Executions increase in 2008 despite global trend away from capital punishment: report

[JURIST] At least 2,390 people were executed throughout 25 countries in 2008, according to a report [text, PDF; AI press release] released Tuesday by Amnesty International (AI) [advocacy website], up from the reported 1,252 executions in 2007 [AI report, PDF]. China, Iran, Saudi Arabia, Pakistan, and the US account for 93 percent of all executions performed in 2008. China alone had 1,718 executions, or 72 percent of executions worldwide, amidst questions regarding fairness of trials and access to lawyers for the accused. AI also reported that there is a global trend towards the abolition of the death penalty. Two-thirds of all nations have abolished capital punishment. In the Americas, the US is the only country that carries out regular executions. Last year, the US performed the smallest number of executions since 1995 with one state, Texas, accounting for half of those executions.

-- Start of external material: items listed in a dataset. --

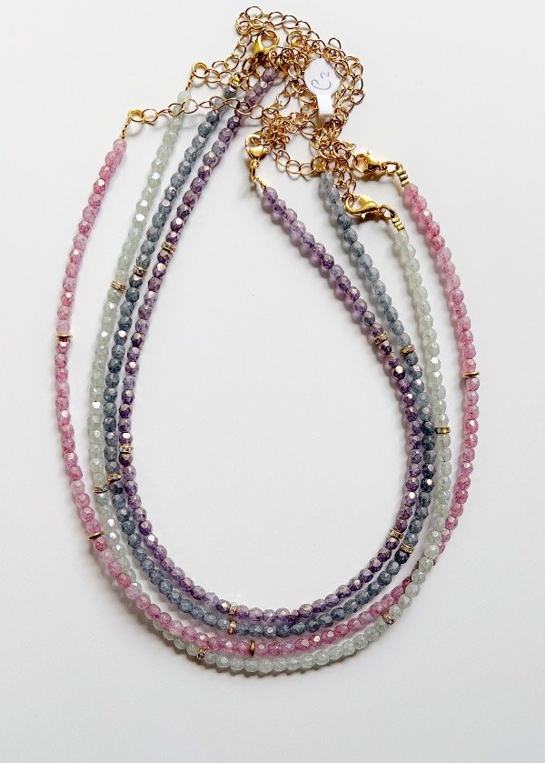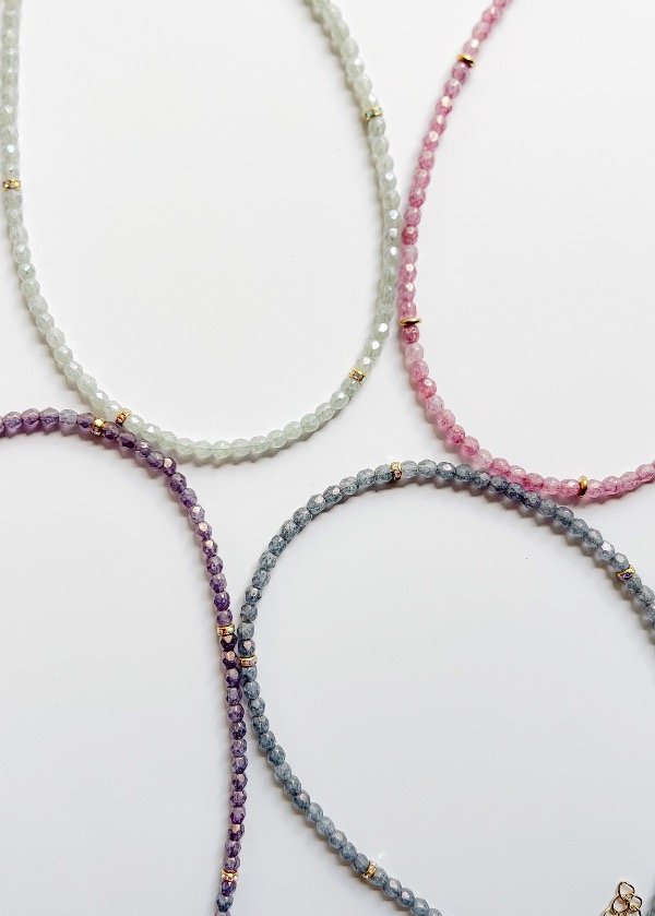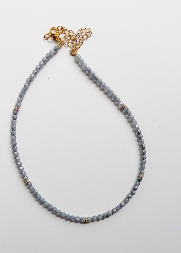 Collar de 35cm de vidrios checos con apliques de strass + 6cm de alargue. Viene en varios colores.
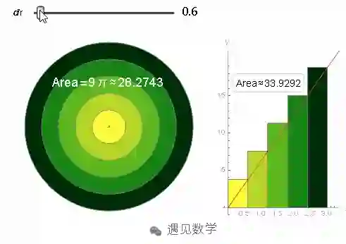 以一个简单的几何问题开始: 求圆的面积,通过把圆的面积分成一系列的圆环, 最后推导出其公式, 以此来窥见微积分的三个中心思想: 积分, 微分以及两者互逆.
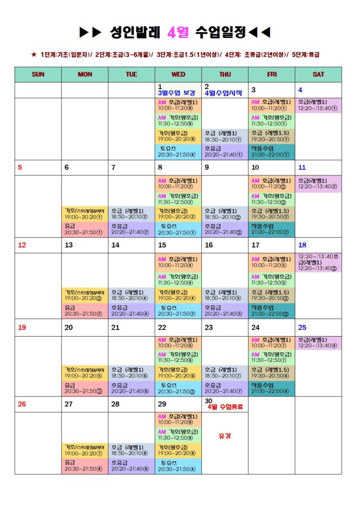 개강일 4월 2일9목) 종강일 4월 29일(수) 휴강일 4월 30일(목) : 4월 수업 종료 <img src="https://blogthumb.pstatic.net/MjAyNjAzMTlfMTQz/MDAxNzczOTAzNDYwNDA1.6KvFOxA4DT1ArN1NHw8GlxoVTmGFhWdoNwNxT11rCYcg.GprQOeA8zJWh4RcOIWHWPmQnSinLyKJ8i7QM-4AnFuMg.JPEG/%BC%BA%C0%CE_%BF%F9_%BD%C3%B0%A3%C7%A5001.jpg?type=s3" />
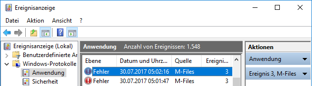 Ereignisse im Zusammenhang mit M-Files im Windows-Ereignisprotokoll regelmäßig auf Probleme prüfen, insbesondere jene, die mit der Datensicherung im Zusammenhang stehen. Sie können ein PowerShell-Skript oder eine Anwendung Dritter zum Senden von E-Mail-Nachrichten verwenden, falls eines der Ereignisse eintritt.
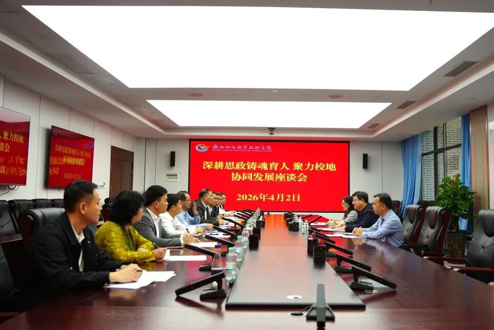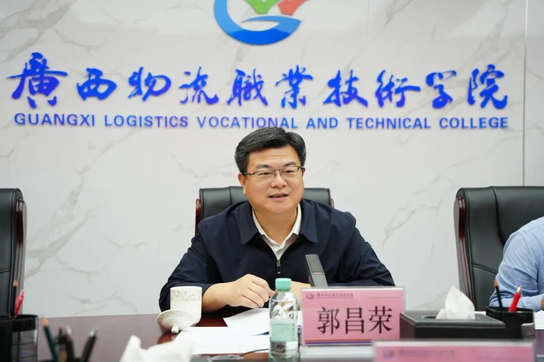 在座谈会上,郭昌荣指出办学定位清晰、发展态势良好,并就深化校地合作提出四点意见:一是健全常态化沟通机制,强化校地信息互通与工作协同,推动校地合作走深走实;二是强化思政育人支持力度,贵港市将在红色研学基地建设、科研服务、人才培养等方面提供支持,助力打造桂东南思政教育高地;三是创新思政品牌载体,深度整合贵港红色文化资源,打造具有本土特色的思政教育品牌;四是聚焦物流强市战略需求,希望学校依托专业优势,共建“产学研用”联合体,以高质量育人成果为贵港打造现代物流枢纽、推动区域高质量发展提供坚实人才与智力支撑。
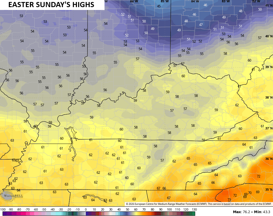 This leaves us with clearing skies for Easter Sunday with much cooler winds blowing. Highs range from the upper 50s to low 60s…
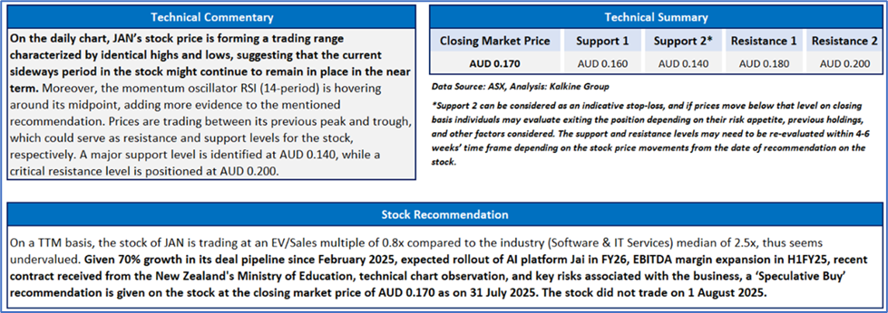 As per the previous recommendation on JAN on August 01st,2025, a ‘Speculative Buy’ rating was given on the stock at AUD 0.170, and noted below are the details of support and resistance provided in the previous report:
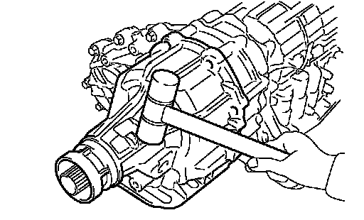 b) Using a plastic hammer, tap the transfer case to remove it.
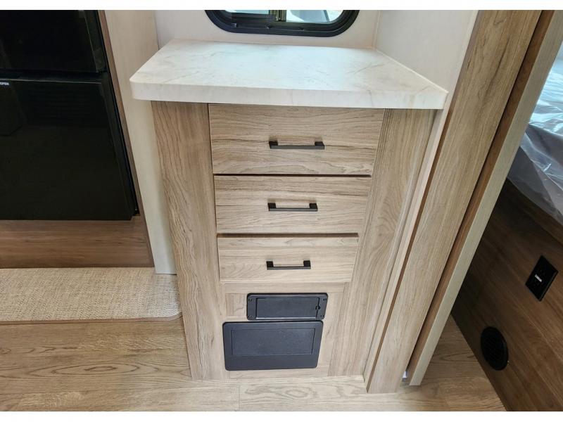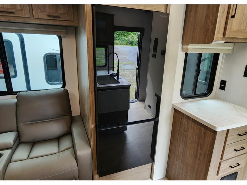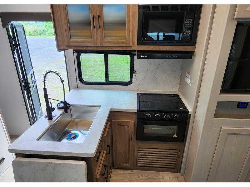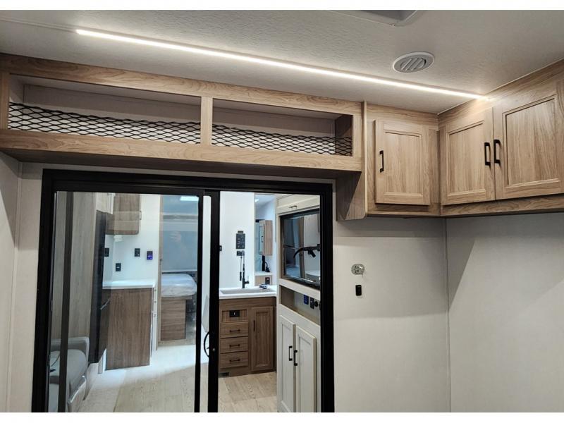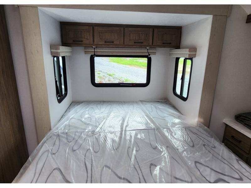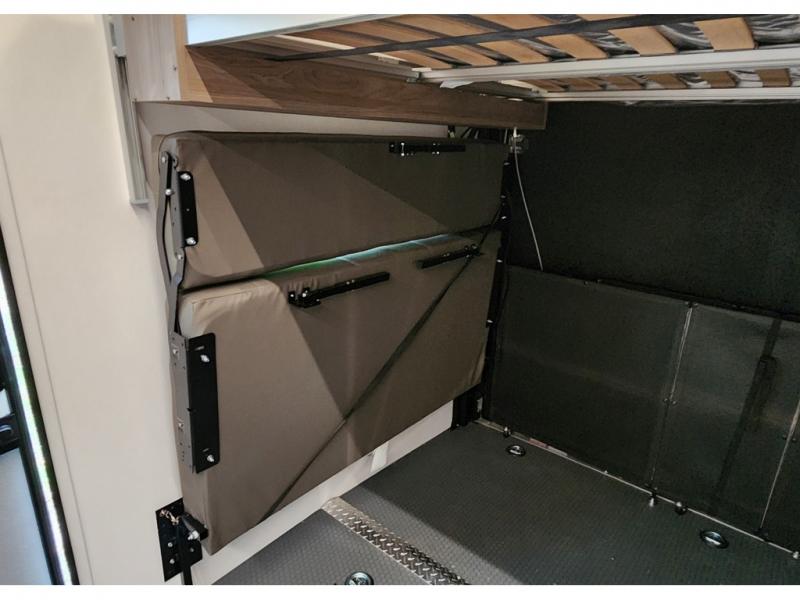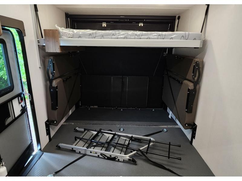 Looking for 13' of toy parking space, and sleeping space for six? You are going to love this model! You will appreciate the large cargo area for all your toys, and the extra sleeping space for family and friends with the roll over sofas converted and the overhead queen bed lift dropped down in the garage area. And the queen bed slide in the front master bedroom will be perfect for the owners. The chef of the family or group can prepare dinner on the three burner cooktop or use the microwave, and the double entry bath is conveniently located just inside the main side entry and includes a nice size shower, vanity with a sink and an overhead medicine cabinet. This toy hauler also includes dual entry/exit doors with the second one into the garage area. You will also find a rear pull down screen in the garage, pull-down roller night shades to be able to sleep in late, and a solar package to help you stay off-grid.
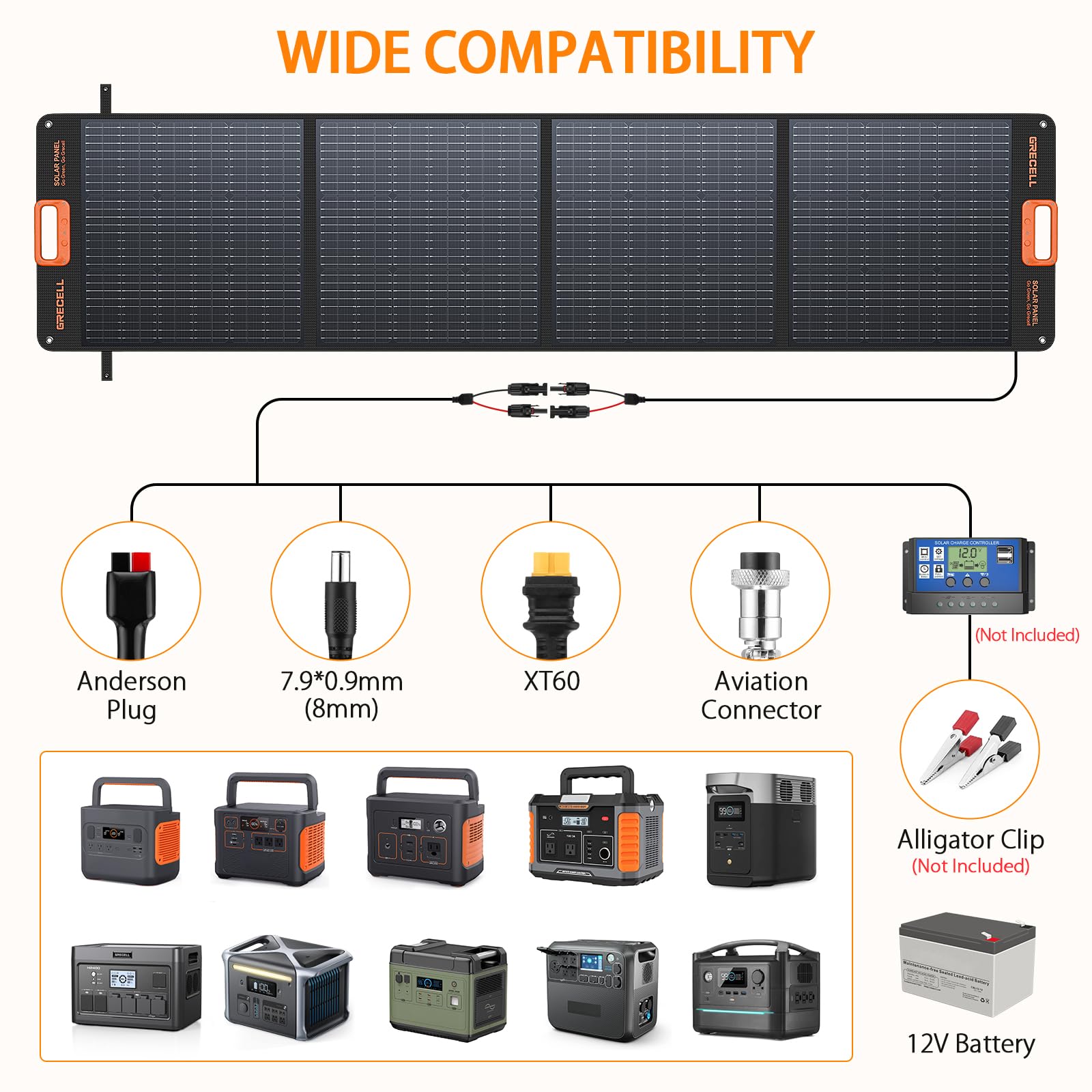 • COMPATIBLE WITH 95% OF POWER STATIONS - There is a separate 4-in-1 cable, the versatile 200W solar panel is widely compatible with most solar generators on the market, working well with power stations of Jackery, EF Ecoflow, Bluetti, Anker, and others, especially great with the GRECELL solar generators. With a charging controller and alligator clip(NOT INCLUDED), you can also charge your 12V batteries, such as AGM, gel & lithium-ion.

The report by AI follows a second resolution [text] by the UN General Assembly [official website] calling on member states to observe a moratorium on capital punishment. Additionally, the African Commission on Human and Peoples' Rights [advocacy website] passed a similar resolution [text] in November calling for the observation of a death penalty moratorium. In contrast, executions resumed in the US in April 2008 after the US Supreme Court lifted an effective moratorium by upholding lethal injection [JURIST reports]. The first execution following the ruling [JURIST report] was conducted in Georgia in May 2008. However, individual states such as New Jersey and New Mexico [JURIST reports] have abolished the death penalty.